Every princess movie ends with the hero and heroine being together forever, but Pocahontas does away with that one. I’m pretty sure historians would have an aneurysm if Disney had gone for that ending, of course, but it still made an impact on me as a kid. Much like Odette not wanting to marry Derek in The Swan Princess, Pocahontas’ decision to stay with her people was very confusing to me as a child. Clearly, everyone who was in love spent the rest of their lives together, so why didn’t she immediately go away with him? Instead of the usual ending of a princess movie, Pocahontas shows devotion to her lover while ultimately choosing her family.

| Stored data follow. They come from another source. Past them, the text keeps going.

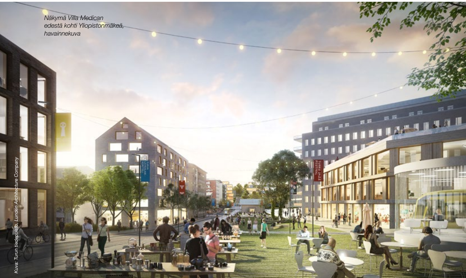
Näkymä Villa Medican edestä kohti Yliopistonmäkeä, havainnekuva

Kärkihankkeeseen voi linkittyä monipuolisesti yllä mainittuihin teemoihin liittyviä tutkimuksia, jotka liittyvät joko aihealueisiin liittyvien ilmiöiden ja niiden seuraussuhteiden jäsentämiseen, data-analytiikan sovellusmahdollisuuksiin sekä kaupungin toimimiseen uusia palveluja ja liiketoimintaa mahdollistavien digitaalisten alustojen tarjoajana.
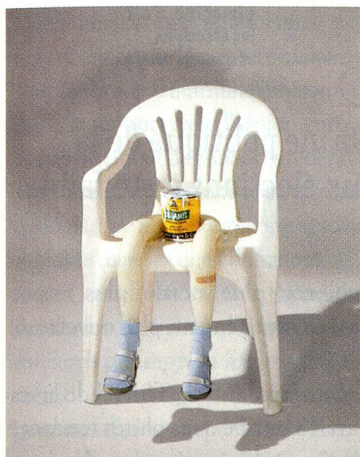
Robert Gober, Untitled, 2005-2006, Grès, cire d'abeille, coton, cuir, languettes en aluminium, cheveux humains, coulage en cristal à l'oxyde de plomb, papier d'aluminium, peinture à l'huile et peinture acrylique

Robert Gober au Schaulager. Le Schaulager de Münchenstein, situé aux portes de Bâle, accueille jusqu'au 14 octobre la rétrospective à ce jour la plus complète sur l'artiste américain Robert Gober. L'exposition compte 40 sculptures, 5 installations de grande taille et plusieurs séries de dessins datant des trois dernières décennies, particulièrement fascinants. www.schaulager.org
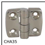
CHA35 Cerniera ad avvitare, Cerniera
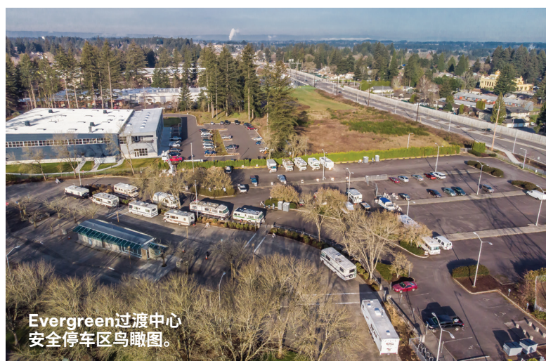
Evergreen过渡中心安全停车区鸟瞰图。
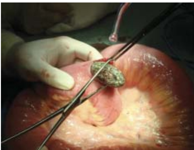
Figura 3 - Iletomia com remoção de fitobezoar.
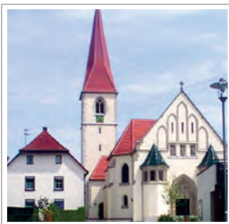
Pfarrkirche St. Maria, 15. Jahrhundert

Am Freyberg'schen Schloss und Rathaus vorbei, gelangen wir wieder zum Ausgangspunkt Bahnhof.
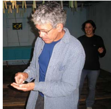
[Após o plantio, a colheita... Contando o dinheiro que conseguiram na Feira: Espontaneamente, alguém rasgou pedacinhos de papel e os distribuiu a todos, que os passavam de mão em mão, simbolizando o sucesso financeiro da Feira no futuro].
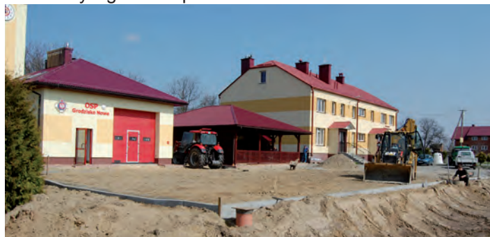
Prace na parkingu przed Remizą OSP w Grodzisku Nowym
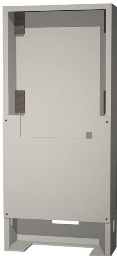
COFFRET S300 + SOCLE

Pocahontas herself is an interesting character, and grabs the attention of younger audiences. She has all the spirit of adventure that Ariel does with less of the daddy issues, and her absolute lack of fear isn’t seen often in female characters. Her likeability makes her decision of romantic independence all the more powerful.
This may seem a little far-fetched, but I grew up in Hawaii and people did this all the time. Did you know that Pocahontas goes over waterfalls three times in this movie? It’s ridiculous! That is far too many times to go over waterfalls! I mean, the first time we meet Pocahontas, she jumps off a waterfall to save some time, and then does so again during two more songs. That’s very unsafe behavior for a role model!
Pocahontas and John Smith have the super-quick few day romance going on, but their attraction is understandable. Both have a taste for adventure and danger, and both are interested in new worlds and other cultures. They seem like they’d get along well enough. History disagrees, of course, but in the context of the movie alone, they seem okay. Pocahontas saves John Smith instead of the other way around, which is a refreshing change of pace. It seems like it would be a good match overall, but it just feels like there’s something missing. Maybe it’s knowing the real story, but it just doesn’t feel quite right to see them together.
While the historical accuracy and racial matters may be up for debate, Pocahontas shows an interesting female character choosing family over romance, and the message that a man isn’t everything is certainly a good one for young women to hear.